Ce qu'il faut éviter

  • Le savon glycériné. Fortement alcalin, il dégrade le cuir et peut réagir avec ses huiles pour laisser un dépôt blanc et gras.
  • Les nettoyants ménagers, les lingettes pour bébé, les lingettes alcoolisées, le liquide vaisselle. Tous formulés pour des surfaces qui ne sont pas du cuir.
  • Le séchage à la chaleur. Pas de sèche-cheveux, pas de radiateur, pas de soleil direct.
  • Le trempage. L'eau entre facilement dans le cuir et en ressort lentement.
  • En faire trop. Plus de sacs sont abîmés par un entretien enthousiaste que par la négligence.

Pluie, auréoles et éclaboussures

Ce sont les premières minutes qui décident du résultat.

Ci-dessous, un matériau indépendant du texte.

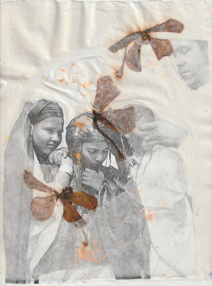 “Daughters of the Dawn,” Ashley Page, 2019, handmade abaca paper, collage, 10.5″ x 8″. Photo by Ashley Page

  1. Épongez, ne frottez pas. Pressez un chiffon sec contre la zone mouillée au lieu de le traîner dessus.
  2. Videz le sac et laissez-le sécher à température ambiante, loin de toute source de chaleur.
  3. Remplissez-le pendant qu'il sèche, afin qu'il sèche dans la forme que vous voulez lui garder.
  4. Attendez. Ne jugez le résultat qu'une fois le cuir complètement sec. Sur un cuir lisse, les auréoles s'atténuent souvent beaucoup à mesure que tout le panneau sèche uniformément.
  5. Ce n'est qu'ensuite qu'il faut envisager un soin léger, et seulement si le cuir paraît vraiment sec.

L'encre et le gras posent un autre problème. Tous deux migrent dans le cuir au lieu de rester en surface, et mieux vaut les confier à un spécialiste que de faire des essais sur le panneau avant. Si vous voyagez souvent et voulez un sac qui compose raisonnablement avec le temps, notre guide d'achat d'un sac de voyage en cuir couvre ce qu'il faut regarder dans la construction et les ferrures.

Les pièces que l'on oublie

Les fermetures éclair lâchent plus souvent que le cuir. Plusieurs sacs de notre gamme, dont l'Averon Backpack, utilisent des fermetures YKK, et la façon de garder n'importe quelle fermeture en état n'a rien de glamour : éloignez le sable des dents, brossez-le à sec lorsqu'il s'accumule, et ne forcez jamais un curseur bloqué. Faites-le plutôt revenir en arrière.

Le contact du métal avec le cuir mérite un coup d'œil sur n'importe quel sac. Le cuivre et le laiton peuvent réagir avec les huiles du cuir et former une corrosion verte aux points de contact, et les métaux ferreux se corrodent au contact de l'acidité naturelle du cuir, laissant la matière alentour faible et cassante. Sécher les ferrures après un temps humide est un geste de deux secondes qui prévient un problème lent.

Rayures : ce qui s'estompe et ce qui reste

Un cuir lisse et souple se marque. C'est une propriété de la matière, pas un défaut. Une éraflure légère qui n'a fait que déranger la surface devient souvent bien moins visible avec la chaleur d'un doigt et un peu de frottement, parce que la finition est souple. Une entaille qui a traversé la finition jusqu'au cuir en dessous est définitive, et aucune crème ne la fera revenir. Savoir distinguer les deux évite beaucoup d'inquiétude, et beaucoup de produit inutile.

Ce qu'un bon entretien vous apporte réellement

Pas un sac qui paraît neuf après dix ans. Un cuir qui a été utilisé correctement se lit comme utilisé, et sur un modèle comme le Valen Weekender, cet assouplissement est l'objectif plutôt que le prix à payer. Ce qu'un usage attentif vous apporte, c'est la structure : des coins qui gardent leur forme, des coutures qui restent sous une tension régulière, une surface qui s'approfondit au lieu de se craqueler.

Ce qui ramène au point de départ. Tenez-le à l'écart de la chaleur et du soleil, videz-le, rangez-le rempli, traitez l'eau rapidement, et ne prenez le produit nourrissant que lorsque le cuir vous le demande.


Sources : Institut canadien de conservation, Care of Alum, Vegetable and Mineral-tanned Leather (CCI Notes 8/2) ; Collonil, What is nappa leather?